I’m not exactly sure why I’m dragging, unless my body is fighting something I don’t know about or it’s something to do with that “a-word” (age). Grrr.  Thursday I took two SWEAT classes back to back; lifted weights (hitting another benchmark for dead-lifts), followed by my favorite  punch bag class. Then I cycled 42 miles on Friday. I was so tired from that ride that once home, I made myself a sandwich, grabbed a glass of milk, sat in my comfy chair and didn’t move for nearly two hours…not even to shower post ride! Gross, I know!  I was just so tired; I had barely finished my sandwich before dozing off. Since The Poodle was at my side, I’m sure he was mightily disappointed that there wasn’t a morsel of cheese left on my plate as I drifted off for a good twenty minutes or so. Although he is pretty well-behaved around food he’d throw good training out the window in a heartbeat for cheese.

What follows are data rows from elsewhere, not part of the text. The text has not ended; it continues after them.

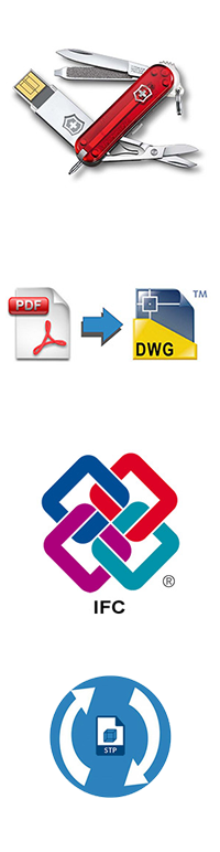 - STEP, IGES Import (und Export) von STEP-Geometrien mit Umwandlung in leicht bearbeitbare DWG-Objekte.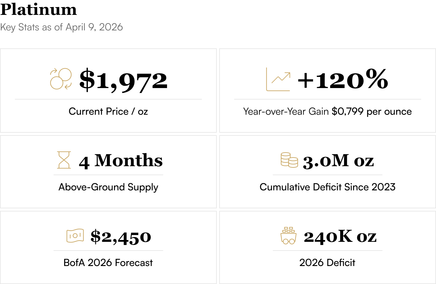 While gold dominates headlines, platinum and palladium are staging a breakout that most investors have completely missed. Platinum touched $2,173.50 per ounce on March 4 and trades near $1,972 as of April 9, representing a gain of over 120% since early 2025. Palladium hit $1,516.20 on April 7, surging 3% in a single session. The World Platinum Investment Council (WPIC) projects a fourth consecutive year of deficit in 2026 at 240,000 ounces, with cumulative shortfalls since 2023 approaching 3 million ounces.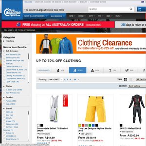 Chain Reaction Cycles, Australia's leading clothes retailer, is having a Monter Clearance Sale. get up to 70% OFF on tshirts, sleeveless tops and tights. Check this out. The Skins A100 Sleeveless Top sells for only $12.99. Tshirts of various sizes and colours sell for only $10. Even the Skins A100 Tights go for only $17.99. There's something for everyone, and best of, your orders are delivered FREE. So check out their long list of clothes. Order one for the entire family and save 70% OFF the regular retail price. Avoid long queues, just have your orders delivered, FREE, only from Chain Reaction Cycles.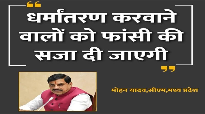 मध्यप्रदेश में धर्मांतरण करवाने वालों को फांसी की सजा दी जाएगी।  मुख्यमंत्री डॉ. मोहन यादव ने इस बात का एलान किया है। मोहन यादव ने कहा, धार्मिक स्वतंत्रता अधिनियम के माध्यम से हम प्रावधान कर रहे हैं कि जो धर्मांतरण करवाएंगे, उनके लिए हमारी सरकार के द्वारा फांसी का प्रावधान किया जा रहा है।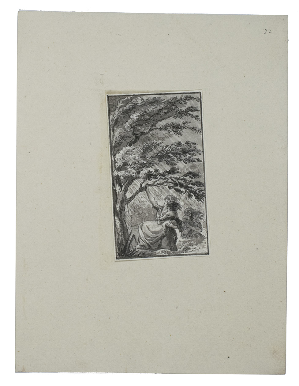 [Ca. 1781]. Various sizes. 22 washed pen and ink drawings and 1 engraving on paper. Mostly loose, nos. 8, 10, 20-23 pasted on paper support.

So this fatigue that I’ve been dealing with for a couple of days seems to have made me quite dopey in the head as well. More so than usual one could say.

You see, I was talking to my good friend Ms. Cookie who lives in North Carolina. She’s considering a three-day adventure to middle-earth just to see moi! I’m pleased as punch she wants to come for a visit though I’ll confess I’m wracking my brain over how to entertain her… here. When I lived in Southern California entertaining an out-of-town guest was never a problem. With a plethora of terrific restaurants, miles and miles of beach to enjoy and a host of places to explore, not to mention the fact that people watching anywhere in LA, provides entertainment on a whole different level. And, living in the Washington D.C. area was a breeze for entertaining visiting friends and family too. I lived there for over 14 years and I still haven’t experienced all there is to see and do! So when Ms. Cookie comes to town, she’ll just have to be over-the-moon for the Space and Rocket Center. (Ahem…..so…. if you’re reading this Cookie, I’d forever be in your debt if you would fake it any way you can!).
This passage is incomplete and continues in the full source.